What the task asks:
Each line of the listing below must be retyped exactly, with images left out.

Recorded data:
******************************

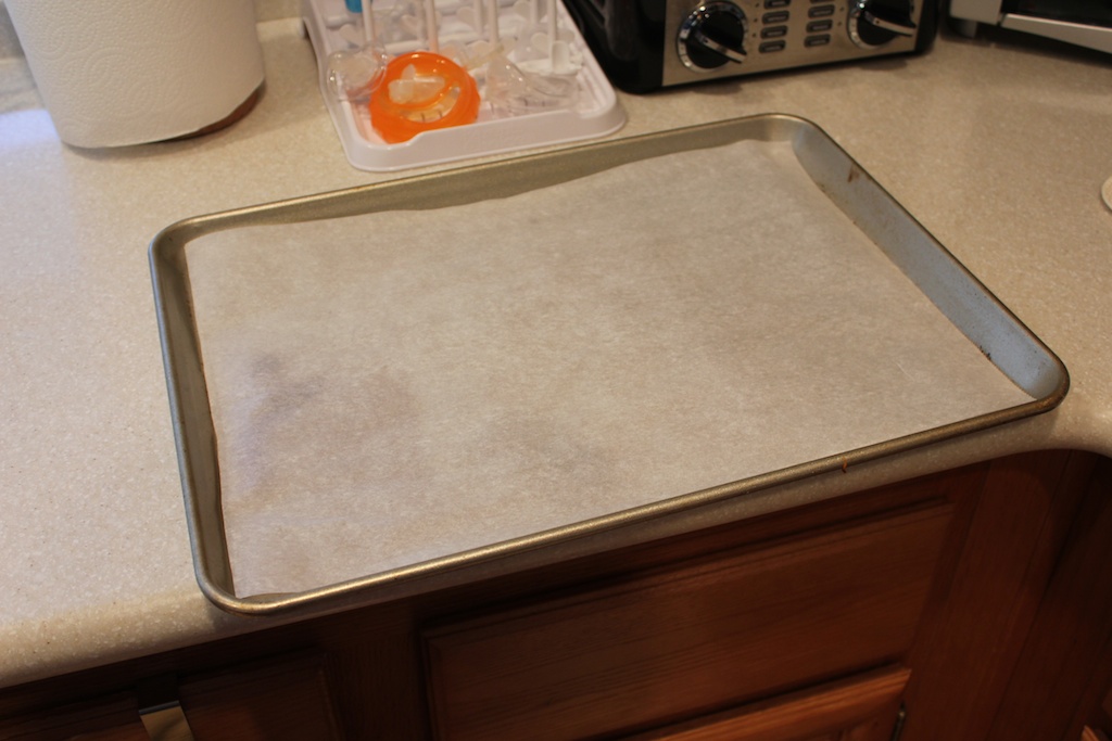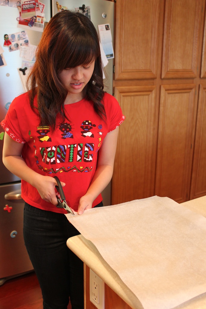 Next, Michelle lined some baking sheets with parchment paper and tailored it so my macarons wouldn’t come out all curved.
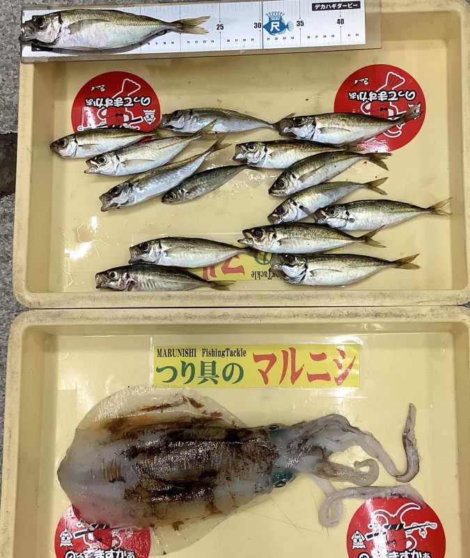 田ノ浦でアジ24cm頭に15尾、アオリイカ940g。
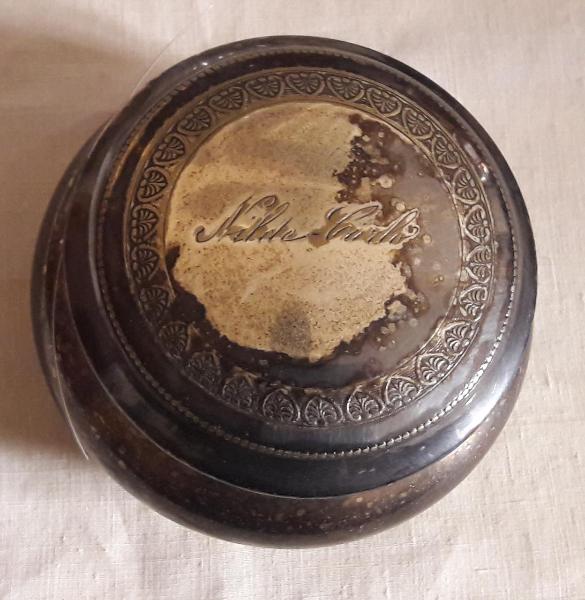 Scatola con coperchio ornato con fascia decorativa a palmette stilizzate, al centro incisi i nomi degli sposi, Carlo e Nilde; bordo esterno con motivo a perline.

******************************

Response to this exercise:
 Next, Michelle lined some baking sheets with parchment paper and tailored it so my macarons wouldn’t come out all curved.
 田ノ浦でアジ24cm頭に15尾、アオリイカ940g。
 Scatola con coperchio ornato con fascia decorativa a palmette stilizzate, al centro incisi i nomi degli sposi, Carlo e Nilde; bordo esterno con motivo a perline.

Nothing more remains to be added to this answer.